Records from a data source
▼
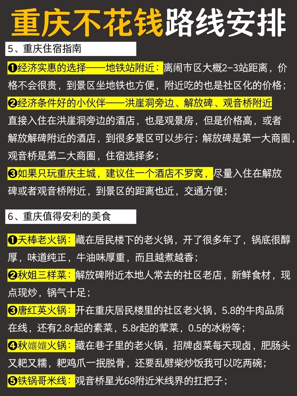 图6️⃣重庆住宿指南&美食
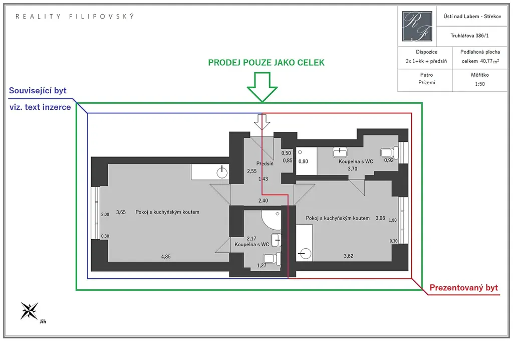 Legislativně se jedná o jednu bytovou jednotku, kdy každá z nich má vlastní koupelnu a kuchyňský kout. Společně pak mohou uživatelé jednotek využívat předsíň, ve které se nachází prostor a přípojka na automatickou pračku. Je to zcela ideální dispoziční řešení pro každého investora s plánem následného pronájmu s výborným poměrem výkon cena.
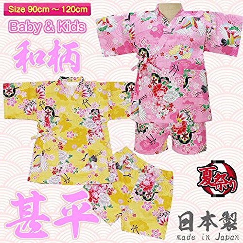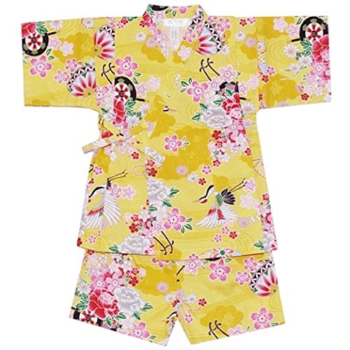 甚平 和柄 さくら 縫製も全て日本国内で行っております J-71654 (120cm, イエロー)
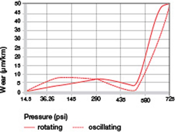 Figure 09: Wear for oscillating and rotating applications with shaft materials cf53 hardened and ground steel, as a function of the pressure
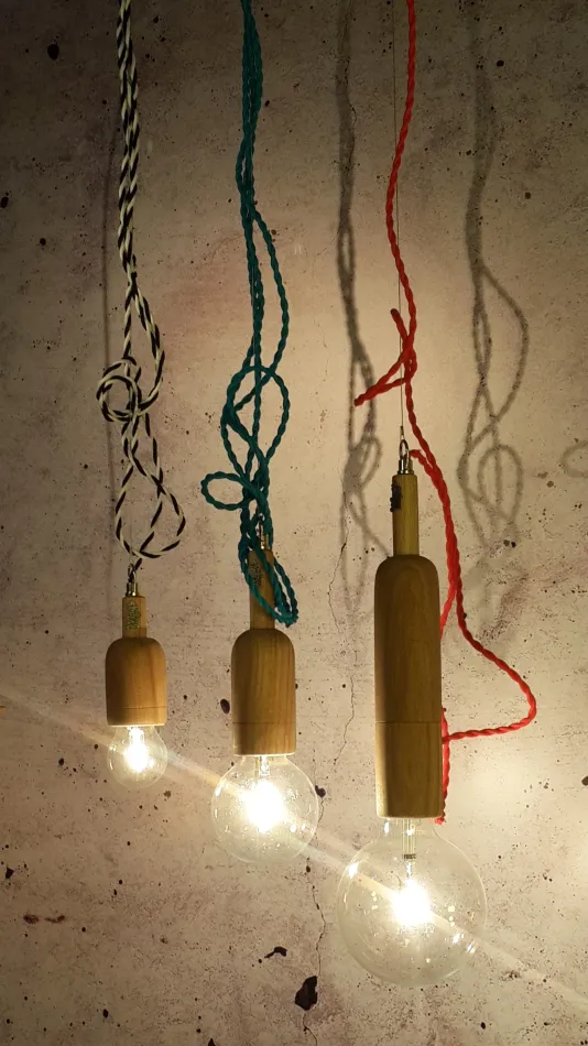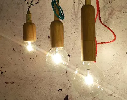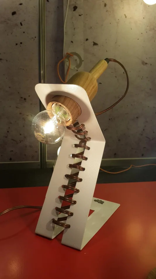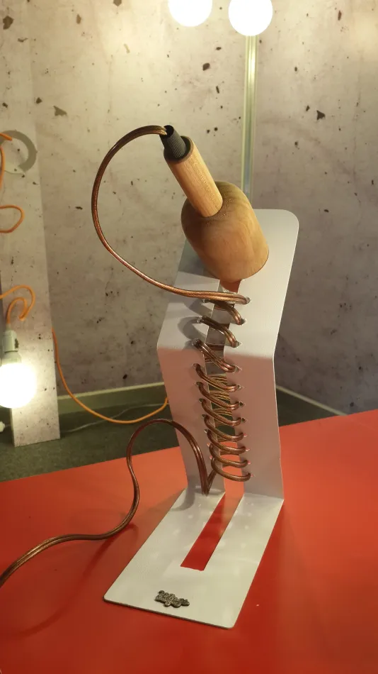 Vella Corset es la lampara que honra su propio nombre con su propuestaestetica. Realizada en chapa de acero esmaltado con pieza de madera Petiribitorneada, sus dimensiones son 200 mm y de altura 350 mm.
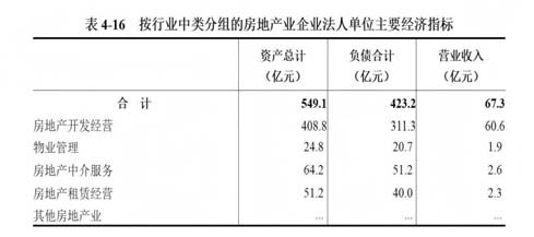 2023年末,全县房地产业企业法人单位资产总计549.1亿元,比2018年末增长110.5%。其中,房地产开发经营企业408.8亿元,物业管理企业24.8亿元,房地产中介服务企业64.2亿元,分别比2018年末增长69.5%、79.7%和991.0%。房地产业企业法人单位负债合计423.2亿元,比2018年末增长101.0%。
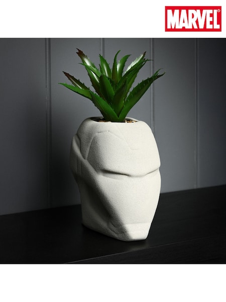 Marvel White Iron Man Planter With Faux Plant
▲
- _What you should do_:
An exact copy of the data is required, with the pictures excluded.

- _Reply_:
 图6️⃣重庆住宿指南&美食
 Legislativně se jedná o jednu bytovou jednotku, kdy každá z nich má vlastní koupelnu a kuchyňský kout. Společně pak mohou uživatelé jednotek využívat předsíň, ve které se nachází prostor a přípojka na automatickou pračku. Je to zcela ideální dispoziční řešení pro každého investora s plánem následného pronájmu s výborným poměrem výkon cena.
 甚平 和柄 さくら 縫製も全て日本国内で行っております J-71654 (120cm, イエロー)
 Figure 09: Wear for oscillating and rotating applications with shaft materials cf53 hardened and ground steel, as a function of the pressure
 Vella Corset es la lampara que honra su propio nombre con su propuestaestetica. Realizada en chapa de acero esmaltado con pieza de madera Petiribitorneada, sus dimensiones son 200 mm y de altura 350 mm.
 2023年末,全县房地产业企业法人单位资产总计549.1亿元,比2018年末增长110.5%。其中,房地产开发经营企业408.8亿元,物业管理企业24.8亿元,房地产中介服务企业64.2亿元,分别比2018年末增长69.5%、79.7%和991.0%。房地产业企业法人单位负债合计423.2亿元,比2018年末增长101.0%。
 Marvel White Iron Man Planter With Faux Plant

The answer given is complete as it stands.